The problem with opinions

I love opinions. I love my own opinions and I love other people’s opinions. Especially when I disagree with them. I don’t love bias, though.

When hiring people, I need to figure out a way to establish bias. For a developer this is pretty easy. Ask about their favorite programming language, then ask them to talk about the opposite language.

Unless it’s a universally reviled language, there should be two responses:

  1. I don’t use that language, but there are some interesting features.
  2. That language sucks! That’s why I don’t use it!

The second is stupid. It’s a bias opinion. Typically, everybody who holds the second opinion can’t actually write code in that language.
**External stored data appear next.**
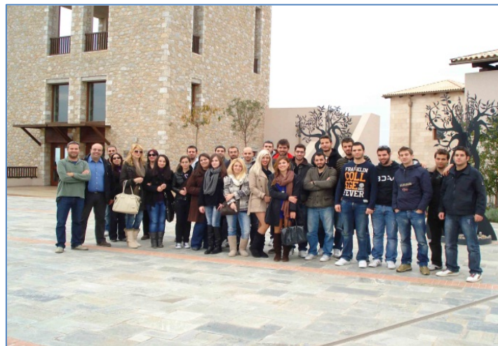
Figure 3. Students from the 1 st training course in Air Pollution at NEO
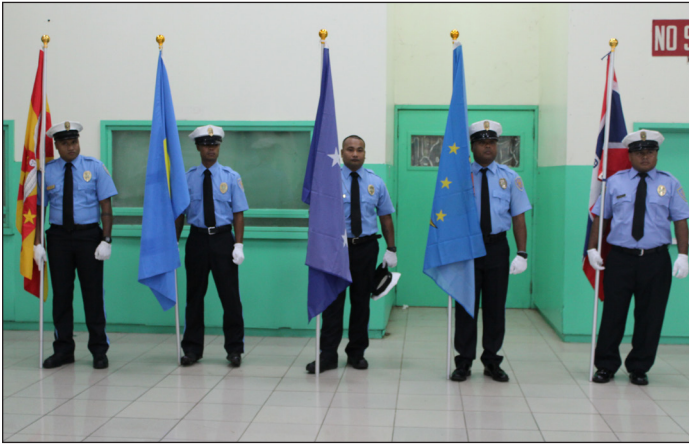
Flags representing the States of Palau whose conservation officers participated in the 20th Law Enforcement Academy.

The 20th Law Enforcement Academy of Palau held a graduation for Palau's newest cadets on Friday, January 24, 2014. Over a thirteen-week period, participants of the Law Enforcement Academy underwent rigorous physical training and studying to improve their abilities to serve as law enforcement officers. Included in the group are employees of the Bureau of Customs, state rangers, Airport Police, and individuals with personal interests in the program.
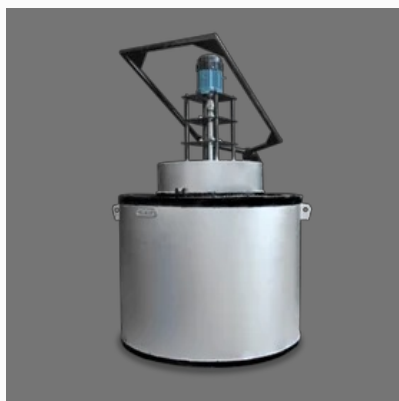
Pit Tempering Electric Furnace
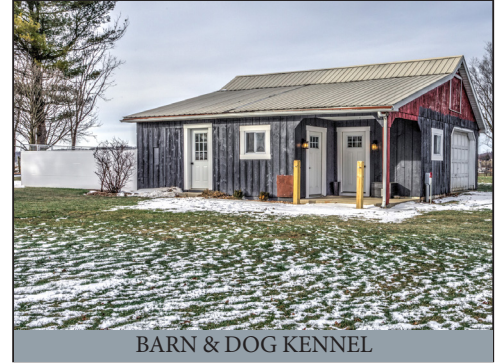
BARN & DOG KENNEL

LOCATED AT: 1538 Clay Rd. Ephrata, PA 17522 * Elizabeth Township

If someone holds opinions like this and hoists them up, that person is going to be trouble. If they state why they don’t use it using concise, thought out arguments that show at least a passing familiarity, they’re probably ok to continue talking to.

For other professions it can be harder. I don’t think sales people are extreme zealots. I hope not.

Defending your opinions is a must

I have a lot of opinions people think are dumb. A lot. I’m not ashamed of them because they work for me. That’s what this is about. Is it the most efficient or best? Certainly not.

I don’t take offense when someone tries to tell me I’m wrong, provided they can defend my counter points. Also, I understand there are better tools. Evangelizing won’t help, but any evangelist better be able to back up their claims with real, practical knowledge.

Otherwise I dismiss them entirely. That’s a big red flag. It’s back to the harmful bias of above.

There are a lot of scenarios like this in the developer world. MySQL vs Postgres. RDBMS vs. NoSQL. None of it matters.

What matters is that people can defend their choice. The better the defense, the better the person. Doubly so if in their defense they acknowledge or even proffer the limitations or weaknesses in their own opinion.

This isn’t religion. It’s making the best damn product we can.

If you don’t have anything constructive to say, don’t say anything at all.

I’m guilty of this. I try hard not to, but it’s a bad habit I’m trying to break.

Around the table, discussions are heating up and opinions getting more pointed. Typically about some finer detail in the product that I just don’t have an opinion on.

Then I’m asked for my opinion. And I actually say something that isn’t, “I have no opinion, but I’m listening so I can evaluate it.”

I haven’t had a chance to think it through and really digest the options, but I weigh in. I usually do it with bias. Who do I like more? Who used bigger words? Who has nicer hair?

Nothing that really matters in the context of the discussion, and most of this boils down to comfort.

The only time I feel justified to weigh in is if an opinion is based on, “this is what I’ve done before and I don’t want to learn”. If I sense that, I generally am opposed to that position.

Learn. We’re here on this world with access to the most limitless and vast amounts of knowledge. Ignorance has no excuse anymore. We aren’t held up by priests reading only the chapters they want. Go learn or keep quiet.

I’ll go on a tangent here a bit. In a discussion, someone said I should be taking a solid look at Riak over MySQL or other conventional storage systems. I know I will hit some scaling issues and likely hit them fast with an RDBMS. Something like Riak would solve a lot of problems, but I’m not interested in Riak right now.

Why? Because it’s too big of a burden on me to maintain while I’m the only one. After a few employees trickle in and take the load off then Riak is certainly an option.

This is made possible because of another opinion I have, which is it’s always ok to replace any part of the system, and if it isn’t, we’re doomed.

We should be able to migrate from between systems or I have failed. I’ve failed defending my opinions and executing on them. The consequences of not defending your opinions are dire and painful. It’s lost momentum and more friction. It’s confused direction and misguided movements.

And then it’s a dead business. Next.